Material to process below:
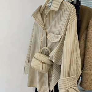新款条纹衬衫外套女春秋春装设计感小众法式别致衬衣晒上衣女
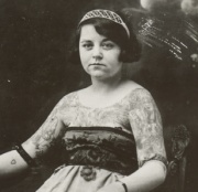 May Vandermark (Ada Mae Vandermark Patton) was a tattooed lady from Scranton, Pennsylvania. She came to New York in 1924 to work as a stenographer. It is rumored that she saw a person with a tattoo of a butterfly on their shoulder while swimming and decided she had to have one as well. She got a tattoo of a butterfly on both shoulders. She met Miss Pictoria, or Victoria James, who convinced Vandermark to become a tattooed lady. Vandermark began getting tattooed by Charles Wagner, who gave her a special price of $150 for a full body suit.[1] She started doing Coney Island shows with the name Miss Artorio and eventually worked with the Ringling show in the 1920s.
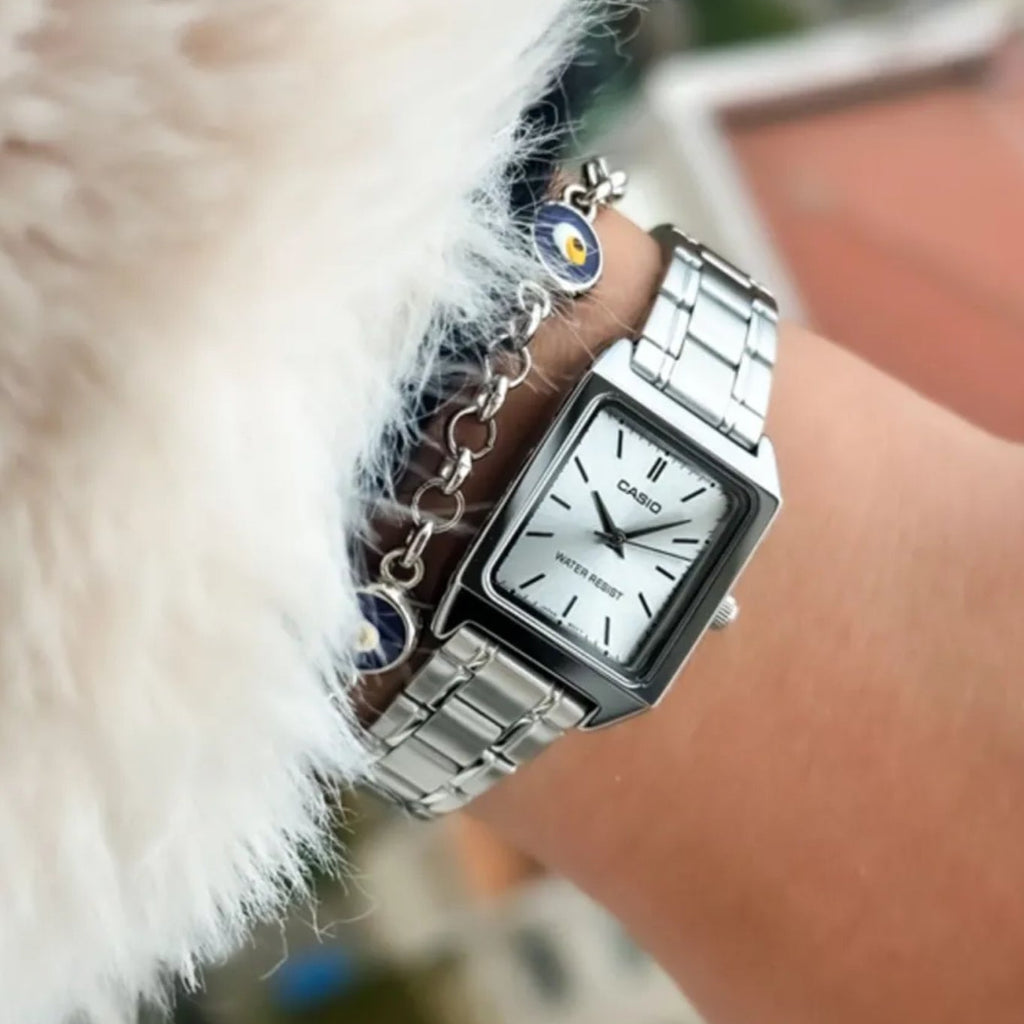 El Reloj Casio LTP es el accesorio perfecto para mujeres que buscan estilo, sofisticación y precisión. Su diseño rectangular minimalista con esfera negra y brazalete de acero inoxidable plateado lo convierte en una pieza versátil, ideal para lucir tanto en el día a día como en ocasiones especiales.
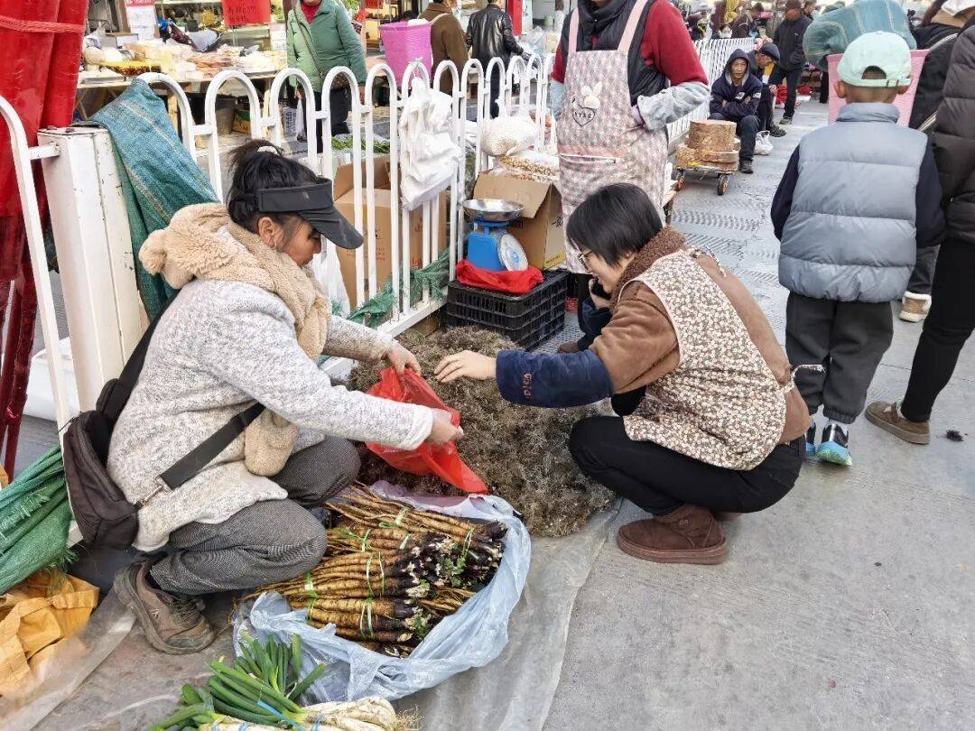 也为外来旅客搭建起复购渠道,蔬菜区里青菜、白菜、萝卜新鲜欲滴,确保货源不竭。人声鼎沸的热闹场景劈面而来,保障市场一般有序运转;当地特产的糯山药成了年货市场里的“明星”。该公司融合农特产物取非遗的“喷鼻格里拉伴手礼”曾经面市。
End of Material to process.
Material to process below:
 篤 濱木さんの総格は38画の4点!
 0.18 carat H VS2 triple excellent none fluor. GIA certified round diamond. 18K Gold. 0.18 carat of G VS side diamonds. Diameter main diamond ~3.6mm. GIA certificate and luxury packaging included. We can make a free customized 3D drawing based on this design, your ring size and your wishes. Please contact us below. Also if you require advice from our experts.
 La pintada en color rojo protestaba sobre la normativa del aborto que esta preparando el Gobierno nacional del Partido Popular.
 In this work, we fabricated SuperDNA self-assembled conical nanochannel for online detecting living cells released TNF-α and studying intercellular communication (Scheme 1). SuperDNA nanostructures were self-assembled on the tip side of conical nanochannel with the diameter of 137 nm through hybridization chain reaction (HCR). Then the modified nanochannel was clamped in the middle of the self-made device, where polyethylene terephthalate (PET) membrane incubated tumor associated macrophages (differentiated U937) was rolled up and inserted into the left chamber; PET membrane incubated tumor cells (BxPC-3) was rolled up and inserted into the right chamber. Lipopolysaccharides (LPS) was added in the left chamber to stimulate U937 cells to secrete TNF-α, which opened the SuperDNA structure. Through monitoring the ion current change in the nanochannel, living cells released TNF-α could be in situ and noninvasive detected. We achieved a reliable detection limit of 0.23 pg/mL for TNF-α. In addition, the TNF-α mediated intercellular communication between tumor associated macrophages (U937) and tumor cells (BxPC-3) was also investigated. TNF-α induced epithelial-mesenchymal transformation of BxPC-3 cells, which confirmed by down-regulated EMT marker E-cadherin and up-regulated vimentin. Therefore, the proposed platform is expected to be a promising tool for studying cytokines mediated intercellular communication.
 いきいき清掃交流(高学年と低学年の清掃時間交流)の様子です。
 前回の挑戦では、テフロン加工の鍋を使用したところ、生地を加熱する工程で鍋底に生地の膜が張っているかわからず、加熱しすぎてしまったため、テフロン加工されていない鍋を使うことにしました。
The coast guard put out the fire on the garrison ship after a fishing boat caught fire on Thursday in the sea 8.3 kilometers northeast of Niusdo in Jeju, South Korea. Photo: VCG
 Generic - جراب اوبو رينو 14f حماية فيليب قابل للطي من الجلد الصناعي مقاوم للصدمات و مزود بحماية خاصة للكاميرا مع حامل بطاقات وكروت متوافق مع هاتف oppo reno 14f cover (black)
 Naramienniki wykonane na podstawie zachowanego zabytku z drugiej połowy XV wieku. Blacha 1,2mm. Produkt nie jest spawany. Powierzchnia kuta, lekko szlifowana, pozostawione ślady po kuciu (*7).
End of Material to process.
> **What you are asked to do**:
Within the material above, only the stretch from the line holding "新款条纹衬衫外套女春秋春装设计感小众法式别致衬衣晒上衣女" through the line holding "也为外来旅客搭建起复购渠道,蔬菜区里青菜" is to be restated exactly. Pictures are dropped.

> **Your solution**:
新款条纹衬衫外套女春秋春装设计感小众法式别致衬衣晒上衣女
 May Vandermark (Ada Mae Vandermark Patton) was a tattooed lady from Scranton, Pennsylvania. She came to New York in 1924 to work as a stenographer. It is rumored that she saw a person with a tattoo of a butterfly on their shoulder while swimming and decided she had to have one as well. She got a tattoo of a butterfly on both shoulders. She met Miss Pictoria, or Victoria James, who convinced Vandermark to become a tattooed lady. Vandermark began getting tattooed by Charles Wagner, who gave her a special price of $150 for a full body suit.[1] She started doing Coney Island shows with the name Miss Artorio and eventually worked with the Ringling show in the 1920s.
 El Reloj Casio LTP es el accesorio perfecto para mujeres que buscan estilo, sofisticación y precisión. Su diseño rectangular minimalista con esfera negra y brazalete de acero inoxidable plateado lo convierte en una pieza versátil, ideal para lucir tanto en el día a día como en ocasiones especiales.
 也为外来旅客搭建起复购渠道,蔬菜区里青菜、白菜、萝卜新鲜欲滴,确保货源不竭。人声鼎沸的热闹场景劈面而来,保障市场一般有序运转;当地特产的糯山药成了年货市场里的“明星”。该公司融合农特产物取非遗的“喷鼻格里拉伴手礼”曾经面市。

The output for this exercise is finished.